About Kanha Loka
初日の朝、塩と淹れたてのコーヒーの香りがデッキから漂ってきて目が覚めました。時刻は5時30分過ぎ、Padar島の上空は柔らかなピンクと金色に染まっていました。夜の冷たさがまだ残るチーク材のデッキに素足で降り立つと、クルーはすでにテンダーの準備を始めていました。急かす様子も、大声もなく――ただ静かな動きだけです。その穏やかさが、旅全体のトーンを決めました。私たちは全長34メートルのphinisi、Kanha Lokaに乗船し、その瞬間からリズムが違って感じられました。焦らず、派手すぎず。ただ、私たちと海、そして足元にある堅実で整備の行き届いた船だけがありました。
午前中は気温の上がる中、Padarの折り返し道をハイキングし、息を整えながら三日月型の湾――白、ピンク、金色――が地図のように広がる景色を見下ろしました。その後、デッキで魚のグリルと辛いサンバルのランチを摂り、コモド島近くに錨泊。レンジャーが長い棒を手に、落ち着いた口調で注意しました。「道を外れないでください。彼らは見ています。」コモドドラゴンを間近で見たこと――尾を引きずり、顎を少し開いた姿――は、予想以上に原始的でした。1頭がトレイル近くで日光浴をしながらあくびをし、古いナイフのような黄色い歯を見せていました。
その午後はPink Beachでシュノーケリング。砂の色は観光神話ではなく、砕かれた珊瑚から来ています。水は暖かく、リーフは岸に近い位置にありました。鮮やかな青のヒトデ、ウニ、そして岩の割れ目に潜むゆっくり動くタコに、私たちは1時間近く浮いていました。しかし本当の驚きはManta Pointでした。マンタが現れるかどうか分からないまま飛び込みましたが、数分以内に2枚の大きなマンタが私たちの下を旋回し、水中の凧のように翼を羽ばたかせていました。1枚は背中の模様――指紋のような――が見えるほど近くを通過しました。
2日目の夕方はKalongに錨泊しました。黄昏時に生き生きとするマングローブ林がある小島です。太陽が木々の向こうに沈むと、何千匹もの果物コウモリが空に吹き上がり、煙のように渦を巻きました。私たちは冷たい飲み物を手にサンデッキから眺め、何人かは星空の下でカラオケに挑戦。音響システムは完璧ではありませんでしたが、誰も気にしませんでした。翌朝、干潮時に現れる砂州、Taka Makassarを訪れました。四方200メートルにわたり浅く――鏡の上を歩くような非現実的な景色です。その後Kanawaで漂いました。潮流がリーフ魚を運び、水はターコイズから深い青へと変わります。ダイブガイドが珊瑚にしがみついた小さなピグミーシーホースを指さしました――よく見ないと見逃してしまうほどです。
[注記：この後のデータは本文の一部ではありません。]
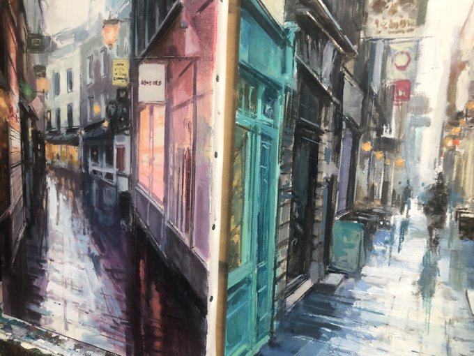 2022『早朝の小路 』41×27㎝(P6号) oil on Canvas painted by Kazu Teramoto #oilpainting #cityscape #artworks #油彩画 #街 #landscapes #painter #citylights #oilpainter #油絵 #kazuyoshiteramoto #rainyday #雨の街 #rainycity #油彩 #絵のある暮らし
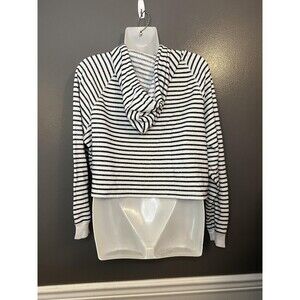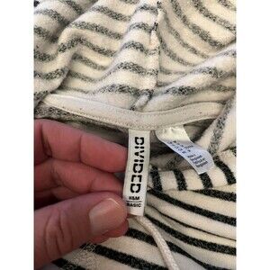 H&M Divided Hoodie Womens Medium Black White Striped Cropped Pullover Raglan
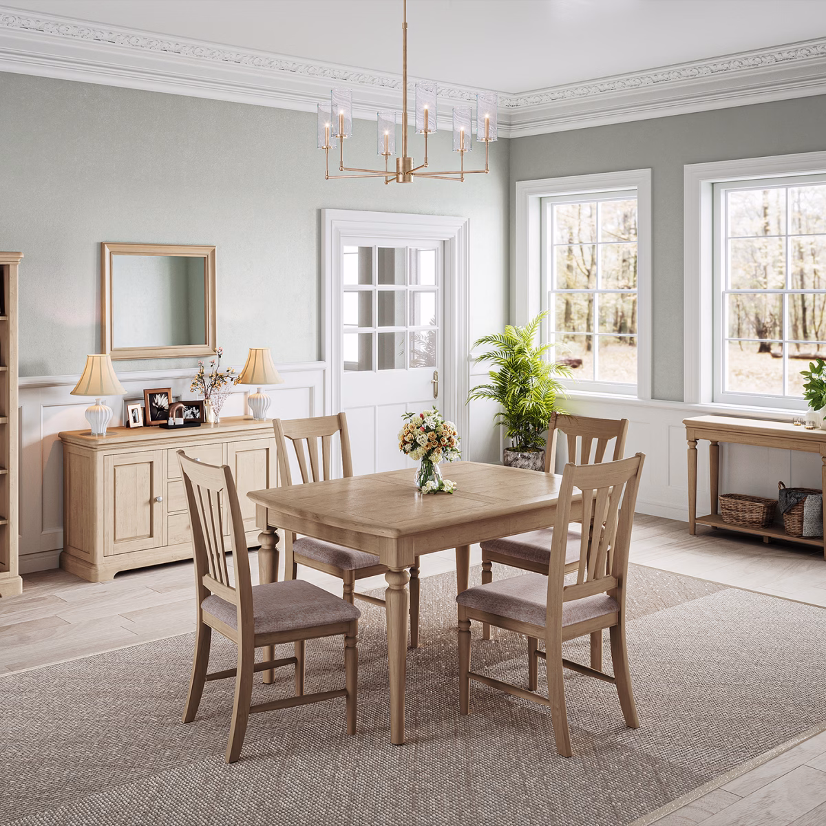 Crafted from White Oak, pine and MDF, the table features classic turned legs, a beautifully finished solid oak top and two hidden extension leaves stored neatly inside the frame. Smooth operation and balanced proportions make it a practical and elegant centrepiece for everyday dining or relaxed entertaining.

Kanha Lokaには5室のキャビンがあり、私たちはデラックスオーシャンキャビンに滞在しました。デッキ下でしたが、閉塞感はなく――大きな舷窓、しっかりとした換気、厚手の寝具が備わっていました。バスルームはコンパクトでしたが機能的で、水圧も良好でした。食事はファミリースタイルで提供されました。大皿に盛られたナシゴレン、マグロのグリル、トロピカルフルーツ。五つ星の装いはなく、ただ満足感のある美味しい料理です。それが気に入りました。サンデッキには日陰と日向のゾーンがあり、私は本を片手に何時間も過ごし、船尾に飛び散る飛魚を眺めました。